La Corte di appello osservava che la lavoratrice, con qualifica di operaia addetta alla mensa-sesto livello super, era stata licenziata per cessazione dell'appalto dalla società che aveva avuto in appalto la gestione dei servizi. La società, subentrata nell'appalto e obbligata per contratto a riassumere i lavoratori, l'aveva riassunta, con inquadramento nel quinto livello e con patto di prova.
La Corte riteneva nullo questo patto poiché, malgrado il diverso formale inquadramento nel livello superiore, le mansioni effettivamente svolte dalla lavoratrice erano le medesime già svolte per la precedente impresa appaltatrice, ossia quelle di operaia presso il servizio ristorazione, comprendenti quelle di aiuto-cuoca, come risultava dalle numerose testimonianze acquisite. E poiché il contratto collettivo nazionale di categoria permetteva di inserire il patto di prova nel contratto, concluso dall'impresa cessionaria dell'appalto, solo in caso di riassunzione per mansioni nuove, il patto doveva considerarsi invalido.
L'insussistenza del fatto posto a base del licenziamento giustificava l'ordine di reintegrazione ai sensi della L. n. 300 del 1970, art. 18, comma 5, come modif. dalla L. 28 giugno 2012, n. 92, art. 1, comma 42, nonchè l'indennità risarcitoria.
La corte di cassazione ha confermato la sentenza affermando che “Nel lavoro subordinato il patto di prova tutela entrambe le parti del rapporto, che hanno interesse a verificare la convenienza del rapporto stesso, dovendo ritenersi l'invalidità del patto ove la verifica sia già avvenuta con esito positivo per le mansioni svolte dal lavoratore, per un congruo periodo, a favore dello stesso datore di lavoro (Cass. 22 giugno 2012 n. 10440, 29 luglio 2005 n. 15960, 5 maggio 2004 n. 8579), o anche a favore di datore di lavoro- appaltatore, precedente titolare dello stesso contratto d'appalto, se così stabilisca il contratto collettivo.

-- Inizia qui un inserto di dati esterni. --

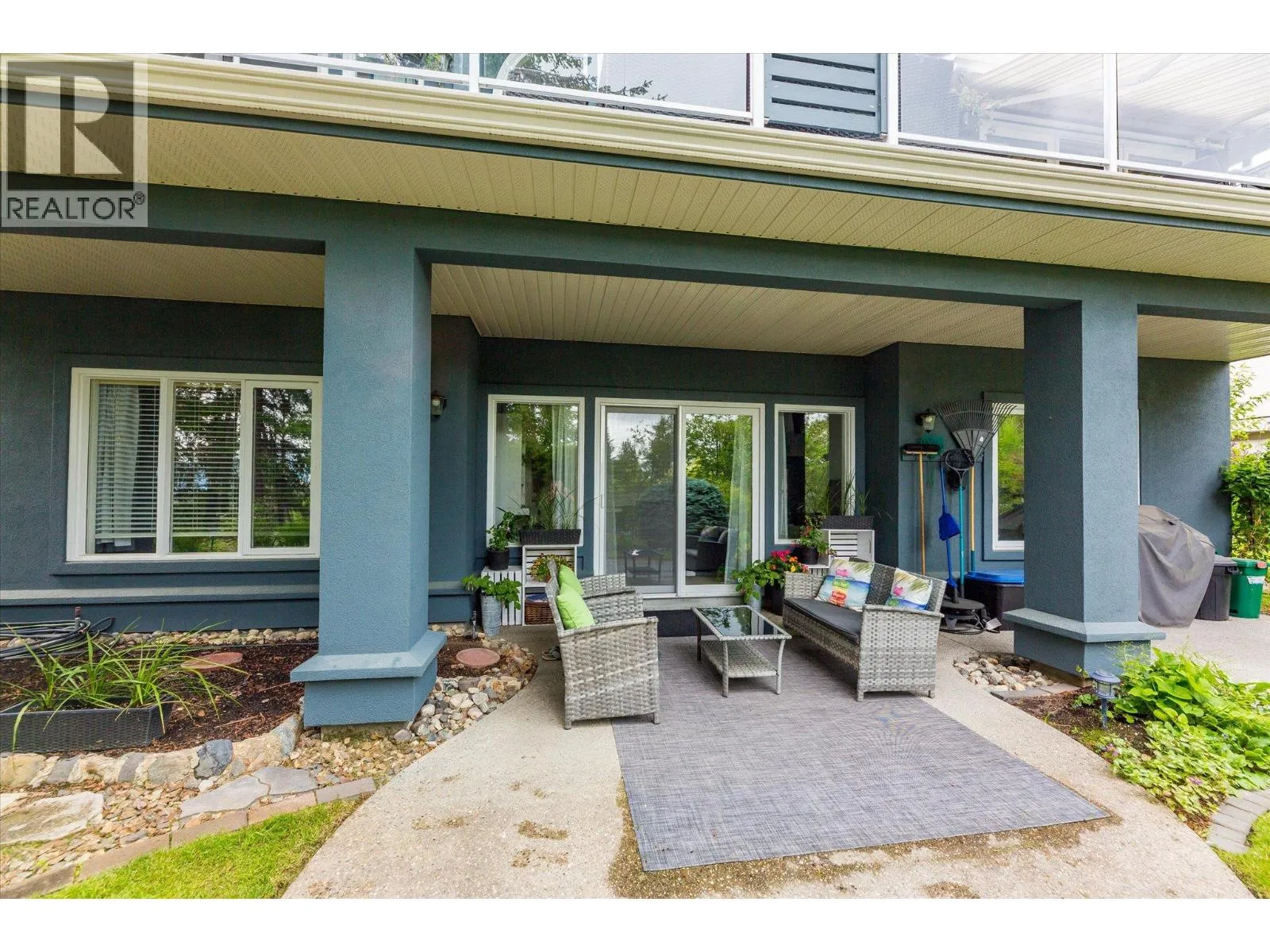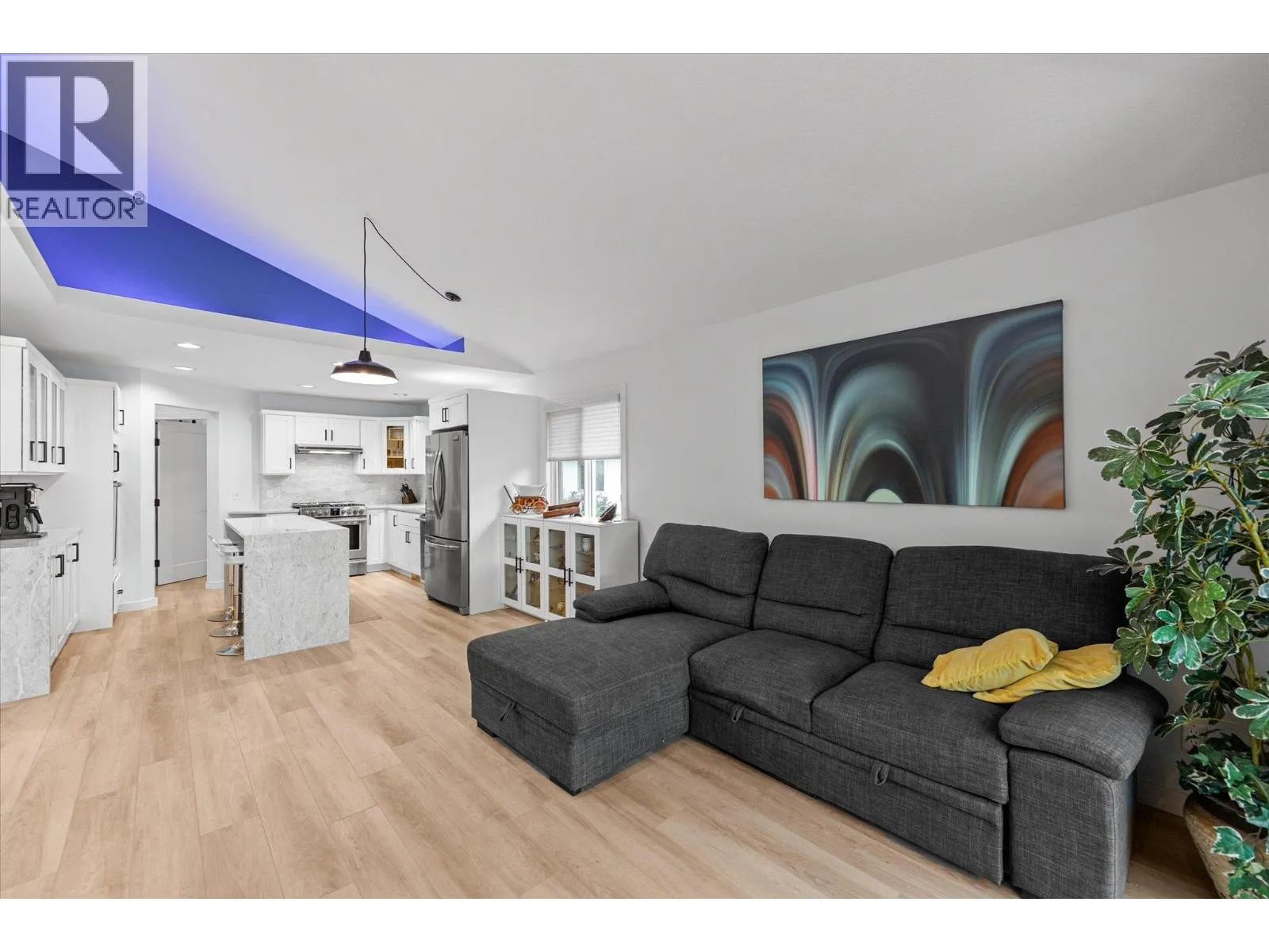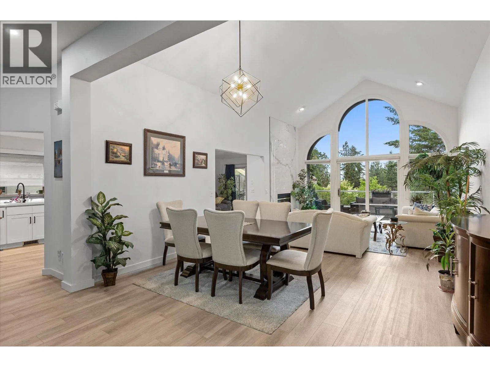 Discover the finer life in this beautifully updated home, nestled in one of Kelownaâs most sought-after enclaves, surrounded by exciting amenities. The main living space welcomes you with soaring vaulted ceilings and a breathtaking fireplace, perfectly framed by a statement feature window. The chefâs kitchen is a showstopper, complete with quartz backsplash, waterfall edge countertops, stainless steel appliances, and eat-at island with ample storage and prep space. Modern finishes shine throughout with new flooring and fresh paint, adding to the sleek and sophisticated feel. The main floor features a spacious primary with deck access, updated 5-piece ensuite, and a large walk-in closet. Upstairs, youâll find a second bedroom and a bedroom-sized den. Step outside to a private deck surrounded by greenery, perfect for outdoor entertaining and relaxation. Downstairs, a bright 2-bed self contained in-law suite with a new kitchen and separate entrance offers flexibility, easily convertible into a summer kitchen & hosting space with a games/media room. The exterior is freshly landscaped & wired for security, while the tranquil backyard oasis features a fish pond and wiring for a hot tub. Enjoy a 2 car garage that also has room for your golf cart! Located in the vibrant Gallaghers Canyon Golf Community which offers top-notch amenities like a gym, pool/spa, games room, library, workshops, fitness classes, social clubs, tennis courts and more. This exceptional home is waiting for you. (id:27476)

Nè rileva che, nel contratto individuale di lavoro stipulato col datore subentrato nell'appalto le stesse mansioni vengano diversamente denominate.
Nel caso di specie il contratto collettivo di settore poneva l'obbligo, gravante sull'impresa subentrante, di assumere il personale dell'impresa cessata nelle stesse mansioni e senza patto di prova.”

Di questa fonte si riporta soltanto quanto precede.